Le deuxième chapitre de cette étude se révèle le plus incisif et le mieux documenté. L’analyse des lettres de son corpus fournit à Bédard des preuves solides permettant de montrer la « porosité » de la frontière démarquant les sphères publiques et privées dans le Bas-Canada des années 1830. Car si les femmes n’agissent pas directement dans la pratique « publique » de la politique, elles participent pleinement à la sphère de l’opinion publique par la lecture de la presse politique, par la transmission des nouvelles politiques et en commentant les grandes questions qui agitent la colonie. Bien que l’expérience de Julie Bruneau Papineau soit celle qui informe le plus ce chapitre, Bédard démontre également que les femmes patriotes, surtout d’origine bourgeoise, disposaient d’un réseau non négligeable de sociabilité politique, notamment par l’entremise des salons où se regroupaient hommes et femmes associés au mouvement patriote. Les lettres des femmes patriotes font état de ces occasions sociales, des hommes politiques présents et des nouvelles et rumeurs qui y circulent. Julie Bruneau Papineau, entre autres, sert d’antenne pour son mari lors de ces assemblées mondaines et elle agit aussi afin de faire connaître ses positions auprès des hommes et femmes qu’elle y côtoie. L’analyse du corpus permet également de constater à quel point les femmes bourgeoises intégraient leur lecture des journaux politiques à leurs écrits, rythmant même les envois selon la réception des journaux. Lors de la période insurrectionnelle, leurs lettres assurent la transmission des nouvelles vers des parents masculins en exil. Or, le réseau des femmes patriotes permet également que les envois se rendent à bon port, évitant que les lettres soient interceptées par le gouvernement ou les sympathisants loyalistes.

Bédard analyse la pratique des épistolières dans le contexte des codes épistolaires en place et de ceux qui se développaient à l’époque dans son troisième chapitre qui contient de très belles pages sur le « caractère mélancolique » de Julie Bruneau Papineau, renvoyant à l’étude controversée de Fernand Ouellet. Mylène Bédard ne nie pas le ton parfois morose des lettres de Julie Bruneau Papineau, mais elle y voit plus justement l’expression d’un mal-être qui découlerait « de l’assignation à la vie familiale et de l’exclusion des sphères publique et politique », Selon Bédard, « le moi souffrant de l’épistolière correspond essentiellement avec le “moi domestique” ». Transgressant les limites imposées par son rôle, la correspondance avec son mari permettait à Julie de « fonder l’intimité de l’échange épistolaire avec son époux… sur une complicité basée sur des convictions politiques communes ».

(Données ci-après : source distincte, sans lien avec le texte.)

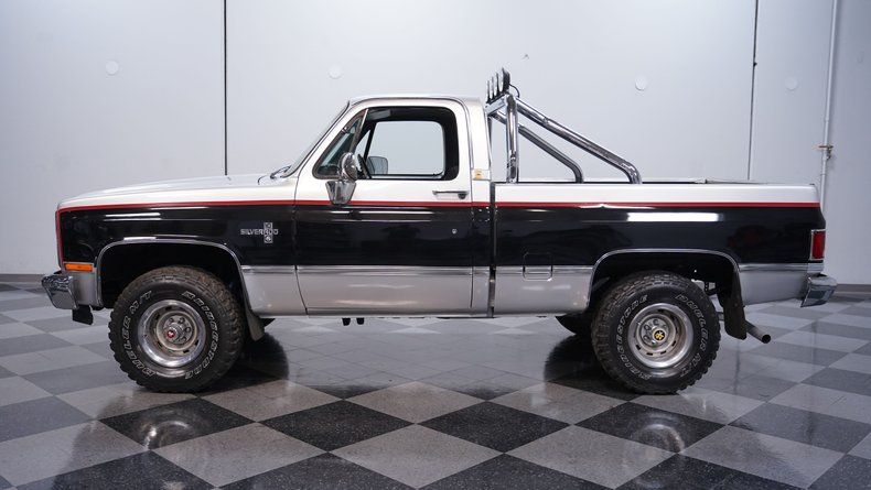 Dressed in an ultra-sharp paint scheme that combines black and silver with red accenting stripes, and equipped for action from front to back, this 1985 Chevrolet K10 Silverado 4x4 is one nice-looking classic pickup. The distinctive color combo really looks great in this setting and the accompanying chrome this truck wears is in very clean condition. Its sturdy roll bar is equipped with a quartet of spotlights to illuminate the road ahead in more challenging situations and the cabin glass is as clear as you could want. Take a look in back and you'll also see that the truck bed liner has done its protective duties well, without sustaining any noticeable damage itself. Better still, along with its aesthetic impact, this Silverado offers a level of drivability that's not easily found in its segment.

L’ouvrage de Mylène Bédard nous invite à reconnaître que les femmes auraient profité de la porosité des sphères domestiques et publiques pour prendre une part active aux débats politiques de cette époque mouvementée. Son ouvrage révèle le rôle des femmes bourgeoises en marge de la sphère politique, et il démontre de façon convaincante qu’elles fréquentent autant que leurs maris les journaux politiques, qu’elles forment des opinions politiques et qu’elles jouent un rôle capital dans la transmission des informations politiques. Il aurait été souhaitable que l’auteure exploite mieux l’historiographie plus récente sur le mouvement patriote et qu’elle se tourne vers des modèles historiographiques plus appropriés. Bédard rate de belles occasions de déballer la signification républicaine des lettres qu’elle cite et de les confronter au discours dominant du mouvement, qui est loin d’être strictement « nationaliste ». Cela dit, l’étude de Mylène Bédard représente une contribution importante qui permet enfin de remettre les femmes au centre de l’historiographie sur l’époque révolutionnaire au Bas-Canada.